**Action item:**
Search the records below for the string "Interior", and report each line that contains it.

****************************************

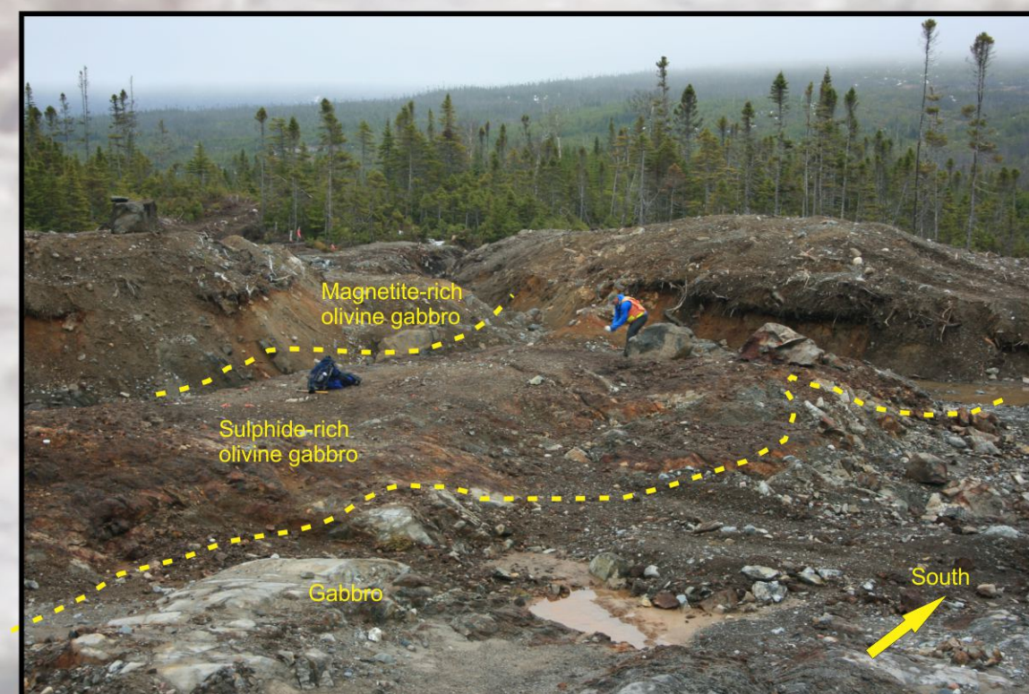
Main trenched and stripped area of the Portage occurrence, Puddle Pond intrusion. Location 1 on map.
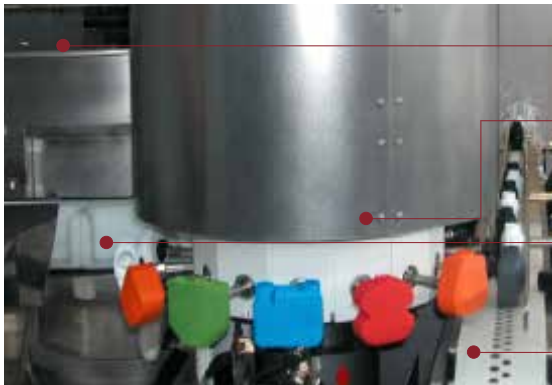
Interior of the POSIBOT unscrambler
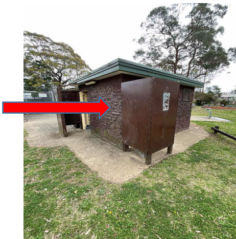
External, GF, Exterior, Walls - Brown - Topcoat, Lead Detected (1.0%w/w), 432937/LP02
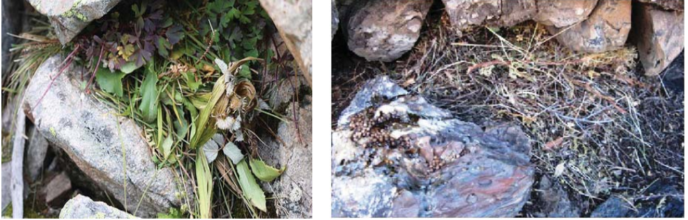
FIG. 2. Fresh hay-pile in summer/ rainy and dry hay pile in winter in LNP.

not active in storing hay-pile. Only seven hay-piles were observed during winter season with dry vegetation of Juncus thomosnii , Fragaria species, Argemone species, Ligularia amplexicaulis , Artimisia vulgare , Poa species, Rumex nepalensis , Graminae species, and some very dry plant species that were unidentified (Fig 2).
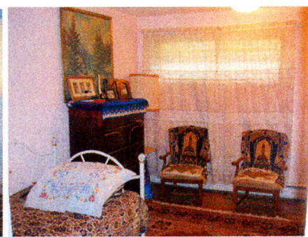
Bed Room #2
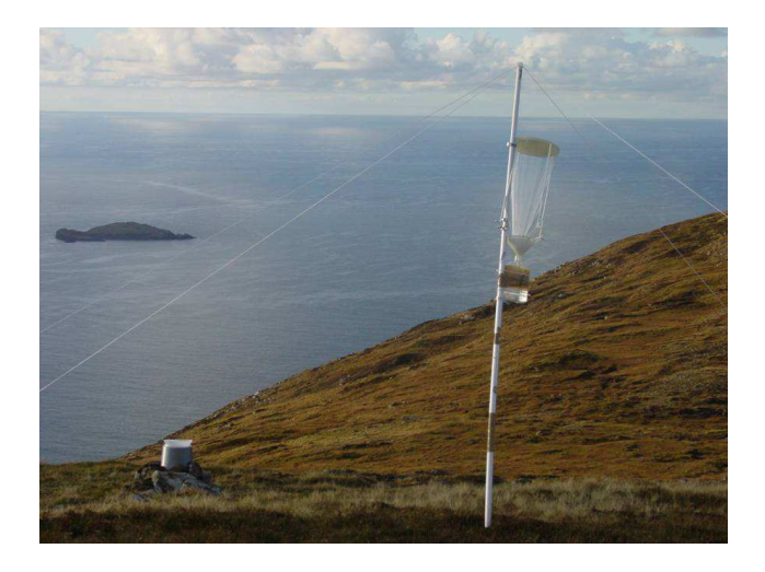
Fig. 1. Cloud collector set up on Caepabhal. Collector was erected onto the end of a 2 m pole and secured with guy ropes.

residents, having adapted to exploit this diffuse but vast environmental niche. That is, are they scavenging nutrients from cloud water and using wind and rain for dispersal? In particular, the role of some species of bacteria with heterogeneous ice nucleation ability may be highly significant in raindrop formation (Morris et al.; 2005 and Vali, 1996).
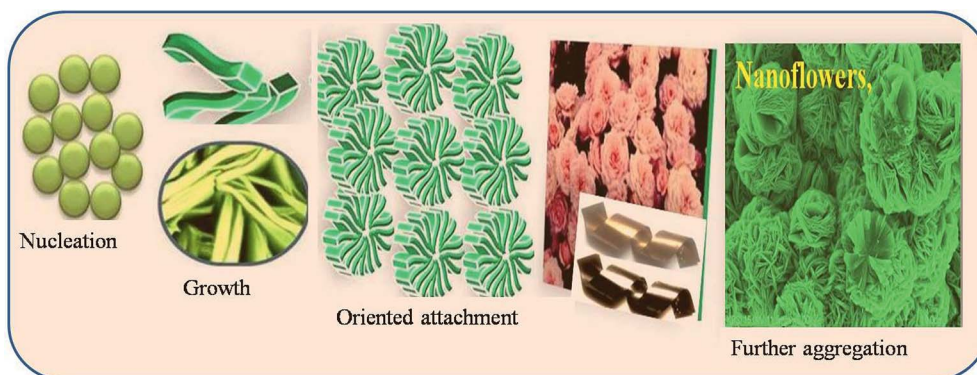
Scheme 1 Plausible mechanism for formation of 3D-nanoflower-like Cu foil coated with CuO (inset: photo image of undeposited and deposited CuO nanoflowers on flexible Cu foil by chemical bath deposition method).

representation of selected aspects of CuO for supercapacitor applications.
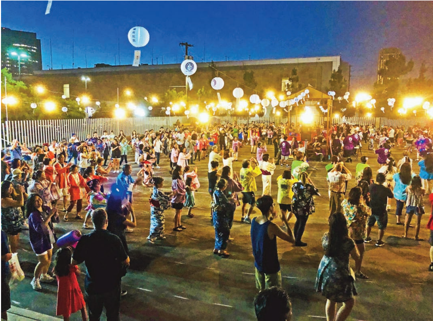
Joyous dancers during the balmy Summer evening under the lights of the memorial chochin.
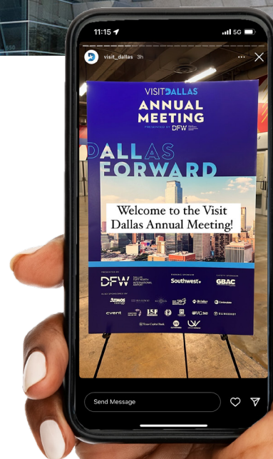
VISIT DALLAS SOCIAL POST

The Visit Dallas Annual Meeting is the region's leading gathering of Dallas tourism and hospitality leaders, business owners and elected officials. With more than 750 attendees expected, this is an ideal platform to engage a captive, engaged audience with your brand initiatives. At the meeting, we will look back at the impact our hospitality community has had over the past year and hear about exciting plans for a bright future.
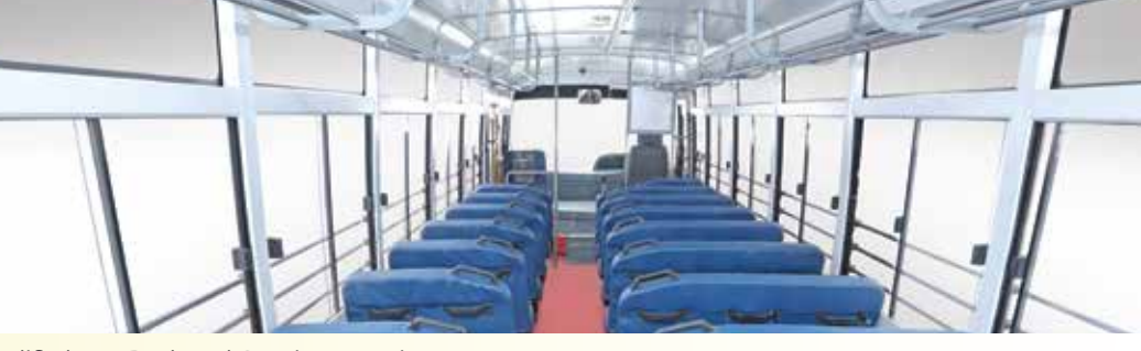
Modified Hat-Rack and Spacious Interior

****************************************

**Finished exercise:**
Interior of the POSIBOT unscrambler
Modified Hat-Rack and Spacious Interior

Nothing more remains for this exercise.